During mouse blastocyst development, one particular feature of early organ formation is lumenal pressure, which determines preliminary vasculature and endocrine organs. This lumenal pressure is dependent on cell-cell adhesion, which in turn is dependent on cortical tension[13]. Both tissue stiffness and cortical tension are interrelated, and when cortical tension reaches a certain threshold, the blastocyst collapses and the adhesive properties are lost. As a result, the maintenance of cortical tension in regards to cell lumen pressure is critical to ensuring embryo shape and cell organization[13].
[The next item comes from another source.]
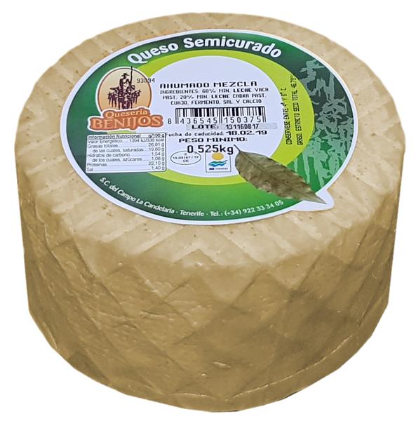 QUESO ELABORADO CON LECHE DE VACA Y CABRA PASTEURIZADA, POSTERIORMENTE AHUMADO Y MADURADO EN TORNO A 90 DÍAS, DE TEXTURA SEMICREMOSA Y QUE EN BOCA MEZCLA LOS SABORES DEL AHUMADO CON UN LIGERO TOQUE A MANTEQUILLA. RECIENTEMENTE AGRACIADO CON MEDALLA DE BRONCE EN WORLD CHEESE AWARDS 2019 - 2020.

While most studies regarding cortical tension are done in embryos (post-fertilization), work has also been done to clarify that oocyte meiosis also requires cortical tension regulation pre-fertilization. In particular, oocytes that are cryopreserved through vitrification (cooling process) seem to show deficiencies in cortical tension. Indeed, vitrification results in decreased oocyte cortical tension, and artificially increasing cortical tension improves oocyte viability by reducing meiotic errors[14].

In a similar vein, decreasing cortical tension in normal oocytes (not cryopreserved or vitrified) also impairs their overall function; particularly, decreasing cortical tension affects meiosis by impairing chromosome segregation, leading to chromosomal instability and aneuploidy, which is a key issue in embryonic development[15].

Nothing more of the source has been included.